Confused Flux 2 Dev - 130gb Overload

’m very new to Framework, and I’m also new to APUs/iGPUs, so I’d appreciate some straightforward advice.

I’ve got a Framework Desktop Max+ 395 with 128GB RAM on the way.

Specs:

  • 16 cores / 32 threads

  • 3.0GHz base clock

  • Up to 5.1GHz boost

  • 64MB L3 cache

  • Radeon 8060S integrated graphics

  • 128GB LPDDR5x-8000

  • Wi-Fi 7 and 5Gbit Ethernet

I already own a separate machine with a 9950X3D, 2 x RTX 3090 Founders Editions, and 96GB RAM. It’s a very strong machine, but the obvious limitation is VRAM, with 24GB per card.

One of the reasons I was torn between buying something like a 48GB workstation GPU and going for the Framework Desktop instead was because I use ComfyUI a lot, and more and more models are now appearing that simply do not fit into 24GB VRAM.

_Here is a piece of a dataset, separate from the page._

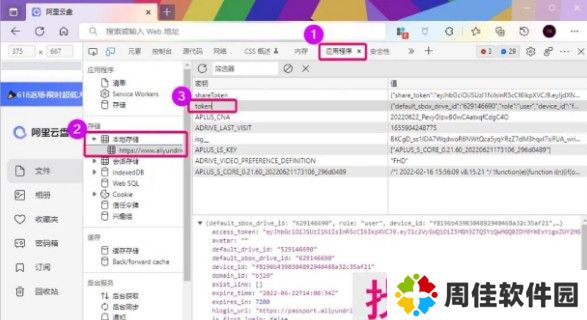 3,登录成功之后,按下键盘上的F12键 (或者ctrl + shift +i),打开‘开发人员工具’。然后,依次点开:应用程序(Application)→ 本体存储(Local Storage)→ token。点开 token 之后,找到底下的 reflash_token。在 reflash_token 后面有一串代码,那就是 token 值。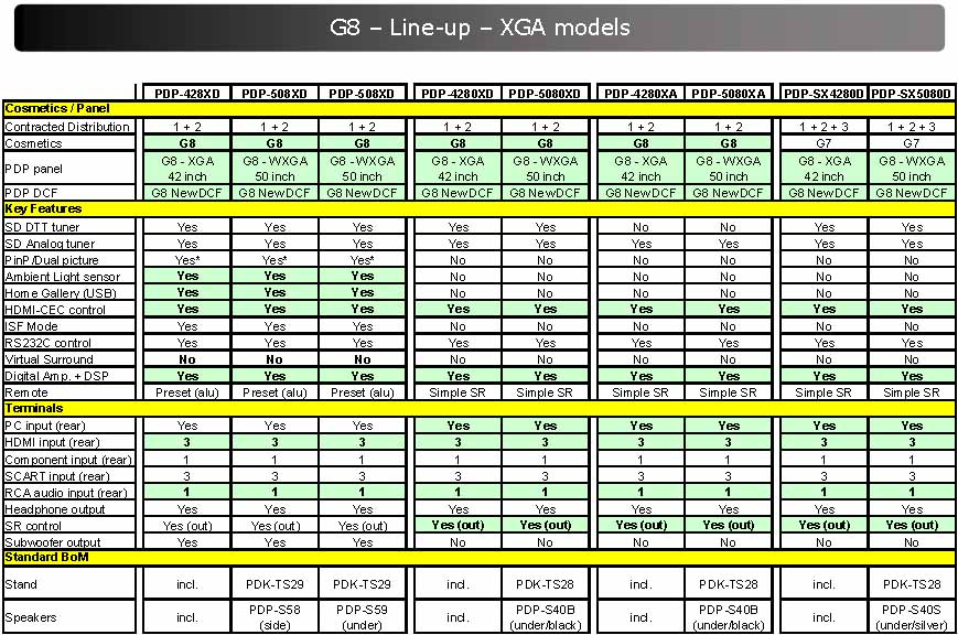 Перечень XGA плазменных телевизоров Pioneer G8: Pioneer PDP-428XD Pioneer PDP-508XD Pioneer PDP-608XD Pioneer PDP-4280XD Pioneer PDP-LX508D Pioneer PDP-5080XD Pioneer PDP-4280XA Pioneer PDP-5080XA Pioneer PDP-SX4280D Pioneer PDP-SX5080D

What’s confusing me is this: when I try to run something like Flux 2 Dev in ComfyUI, it seems to use huge amounts of memory — around 130GB — and then stops. I was under the impression this machine would be able to handle larger models because of the shared memory setup, so I’m struggling to understand why it’s eating all available memory and still not completing.

I’m not especially technical, so I’d really appreciate replies in plain English rather than anything too deep into Python, coding, or command-line fixes.

Has anyone got any advice on what I should realistically expect from this machine, and whether I’m misunderstanding how the memory works?

At the moment im feeling rather deflated

Flux 2 Dev is a 64gb safetensors so it should fit in the memory. I suspect that the KV cache is causing your existing machine to over 130gb. Compressing this or limiting it to 8 bit quant may help.

I assumes that your existing machine is running windows that takes up additional space as well?

in any case have you considered this path?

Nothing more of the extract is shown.